Should I Tell before He Does? ..... Our Question of the Day...

To Comment on today's Question, Simply click on the word "Comments" below next to the number of comments and then, type in the white box!
Dear Mr. Anatomy,
As we all do, I have a past, and mine is a bit checkered. 5 years ago, I was up against hard times and I started to sell my services as an escort in the rather large city I live in. I had a select few clients and I was always safe and discreet with all that I did. I was a single woman, without children and I always went to remote places. I haven't done anything like that for about a year now because I have my stuff together, a new man, and a great new job. I told all my clients that I have retired, so to say, so please don't contact me.
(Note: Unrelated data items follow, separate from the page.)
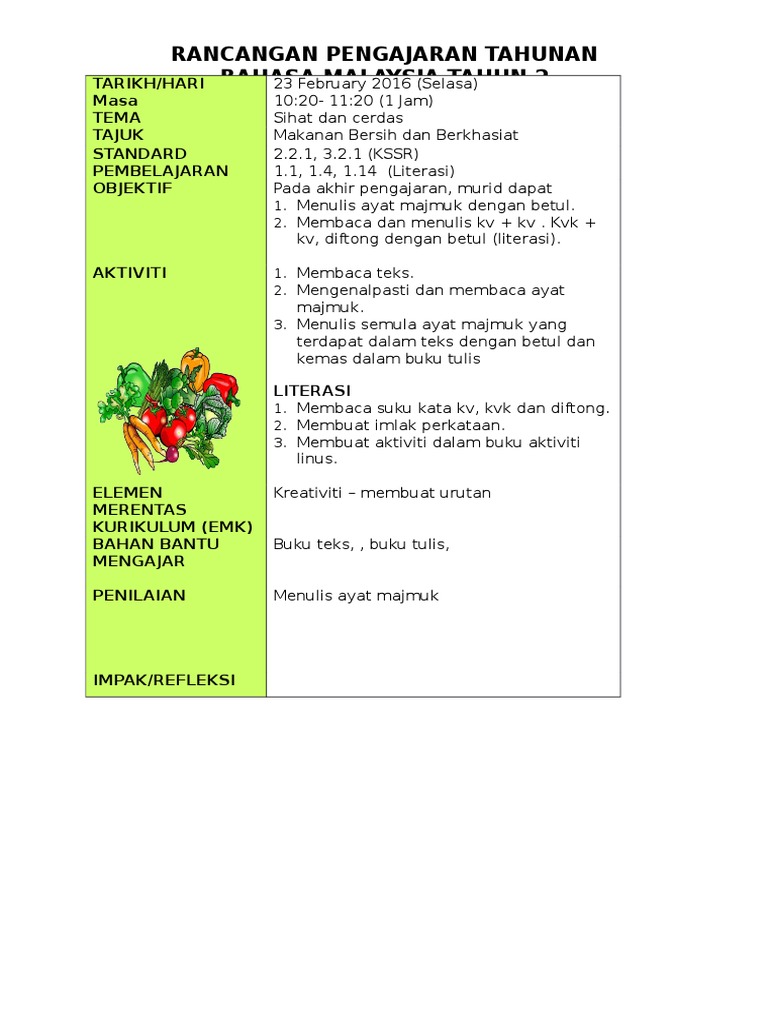 Rph Tahun 2 Kssr Rancangan Mengajar Tahun 2 Pendidikan Kesihatan 1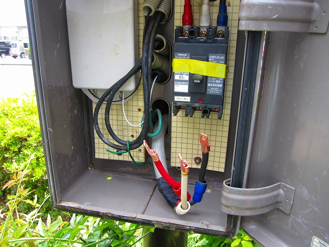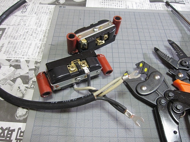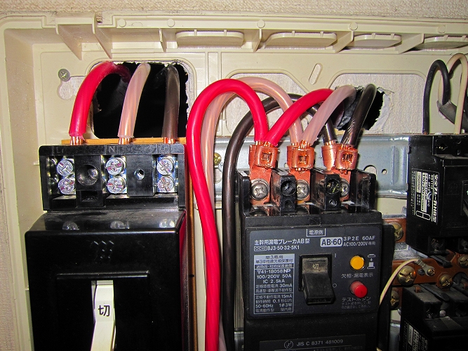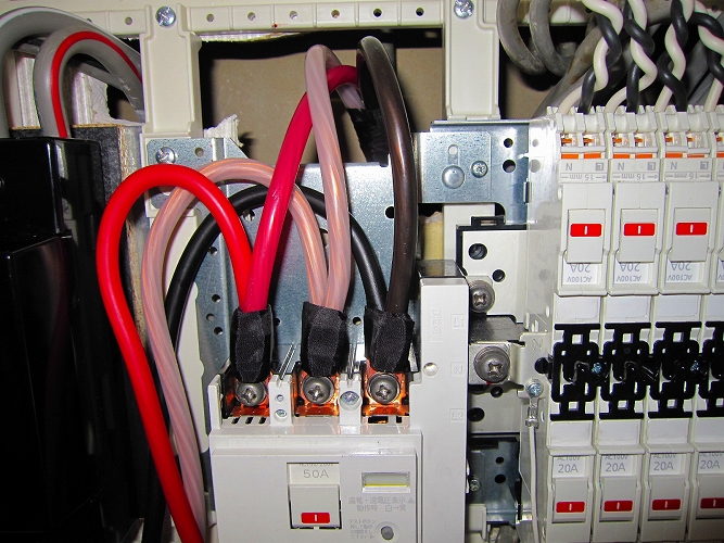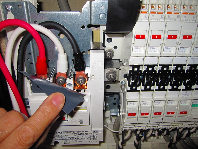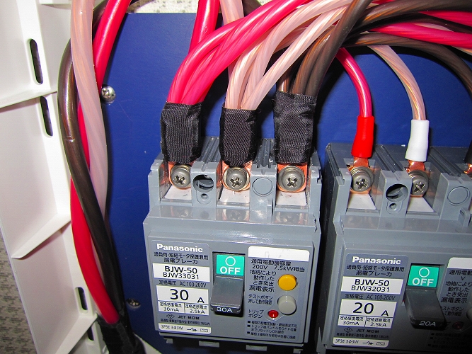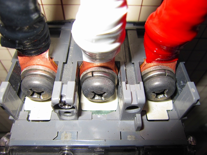 ブレーカー部圧着端子、アース線接続部端子(Pスリーブ)も同様に処理をしてあります。
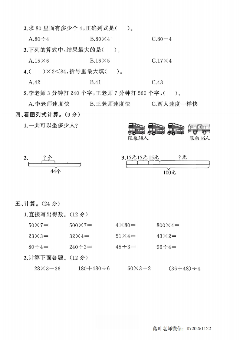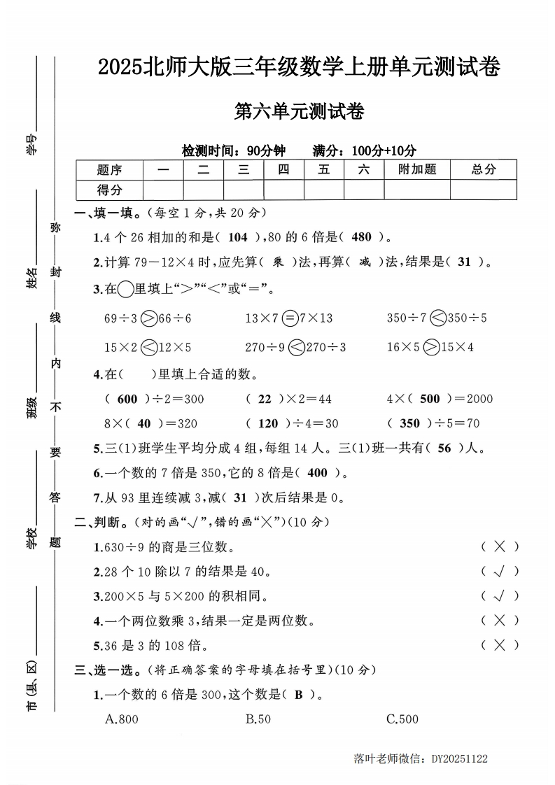 2025北师大版三年级数学上册单元测试卷第六单元测试卷检测时间:90分钟满分:100分+10分题序二三四五六附加题总分得分一、填一填。(每空1分,共20分)弥1.4个26相加的和是(),80的6倍是()。2.计算79-12×4时,应先算()法,再算()法,结果是()。毁封3.在○里填上“>”“<”或“=”。线69÷3○66÷613×7○7×13350÷7○350÷515×2○12×5270÷9○270÷316×5○15×4内4.在()里填上合适的数。藿)÷2=300()×2=444×()=2000不8×()=320)÷4=30()÷5=70要5.三(1)班学生平均分成4组,每组14人。三(1)班一共有()人。6.一个数的7倍是350,它的8倍是()。答7.从93里连续减3,减()次后结果是0。二、判断。(对的画“√”,错的画“X”)(10分)靠题1.630÷9的商是三位数。(2.28个10除以7的结果是40。(3.200×5与5×200的积相同。(4.一个两位数乘3,结果一定是两位数。5.36是3的108倍。☒三、选一选。(将正确答案的字母填在括号里)(10分)径1.一个数的6倍是300,这个数是()。A.800B.50C.500落叶老师微信:DY20251122

Well, the other night, while at a business function with my new boyfriend, he introduced me to his boss. When his boss turned to shake my hand, I and he instantly realized we knew one another from my escorting days. My expression said it all, and when my boyfriend asked, I blatantly lied because I didn't know what else to say. Since I knew this man intimately, I told my boyfriend I knew him from church vaguely, but didn't offer anymore information beyond that. Every since that night, I have had an uneasy feeling about lying to my boyfriend. We have been open and honest about "most" things in our relationship, but being and escort has been hidden very deep inside me! My Question is ......

"Should I come clean about my past? Or leave it buried where it is. I am a completely different woman, but if my boyfriend finds out, I want it to be from me!"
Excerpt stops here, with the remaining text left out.